Massive money printing to restart the global economy after the financial crisis has blown an even bigger bubble. Ten years after the last financial crisis, is the world due another one and will it be worse?

Despite US Federal Reserve Chair Janet Yellen saying last month that another financial crisis on the scale of the crash that enveloped the world in 2007/8 was unlikely “in our lifetimes”, several respected stock market commentators believe a new disaster could happen within months rather than years, DW reported.

Jim Rogers, co-founder of the privately owned Quantum group of hedge funds, told the news website Business Insider in June that a stock market crash would happen “later this year or next”. In a separate interview with the business channel CNBC, longtime Swiss investor Marc Faber, who has been nicknamed Dr Doom, predicted some stockholders would “lose 50% of their assets” during what he described as an “avalanche” of selling.

Both investors have accused policymakers of kicking the can down the road by not addressing structural weaknesses in the global economy following the last financial crisis. The Great Recession, as it became known, was triggered by a fall in the US property market which led to mass defaults in the subprime mortgage market, which offered housing loans to high-risk consumers. It then developed into the worst international banking crisis since the Great Depression of the 1930s.

In an attempt to avoid a collapse of the financial system, the US central bank and others printed trillions of dollars by way of quantitative easing schemes, money which has been pouring into stock markets and other assets including property ever since. The Fed’s huge spending spree has led to record-high prices and complaints that the gains by most asset holders—in other words the richest 5%—haven’t filtered into the real economy.

 US Student Loans
Other analysts have pointed to other triggers for a possible new crash, including China’s heavily indebted economy, to which the rest of the world is increasingly interlinked, or a potential crisis caused by large-scale defaults on student loans in the US.

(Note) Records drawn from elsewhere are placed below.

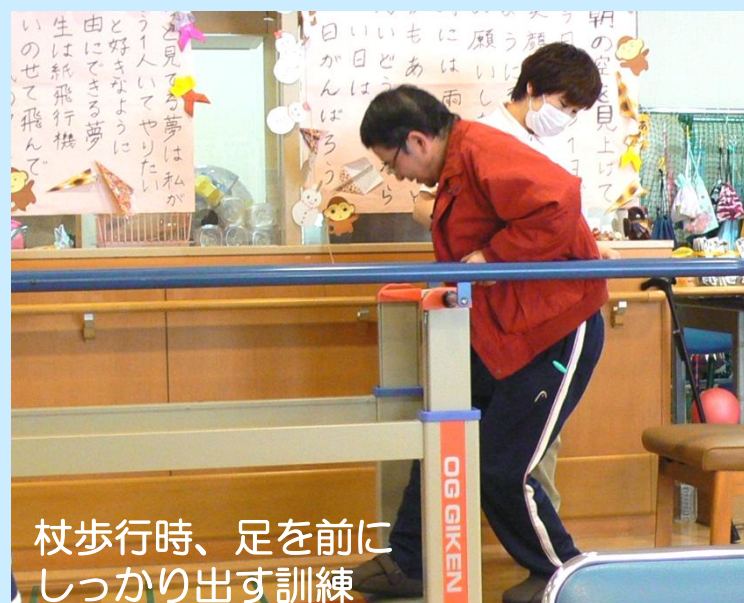
杖歩行時、足を前に しっかり出す訓練
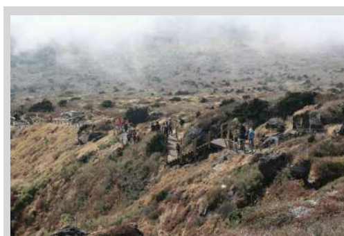
그림 10. 영실지역 탐방로

한라산국립공원 관리를 위한 단계별 관리전략은 그림 11, 표 6과 같이 교육/홍보/정보, 지역관리, 규칙/가격, 행위제한 정책 순으로 적용할 수 있다.
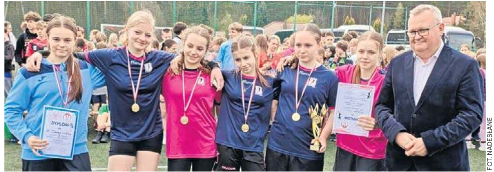
Wśród dziewcząt w roczniku 2011-2012 I m. zajęły reprezentantki SP Zławieś Wielka (na zdjęciu), przed SP Lubicz Górny i SP Mała Nieszawka

According to the Financial Times, the American student loans market is now bigger than spending on credit cards and car loans at $1.4 trillion, thanks to an increase in university admissions and tuition fees. The FT warned that eight million of the 44 million student loan recipients are currently in default, a problem that is likely to worsen amid a lackluster economic recovery.

Although other financial analysts aren’t so bearish about the immediate prospects for the global economy, they do agree that the current dependence on QE and ultra-low interest rates to keep economies growing is unsustainable.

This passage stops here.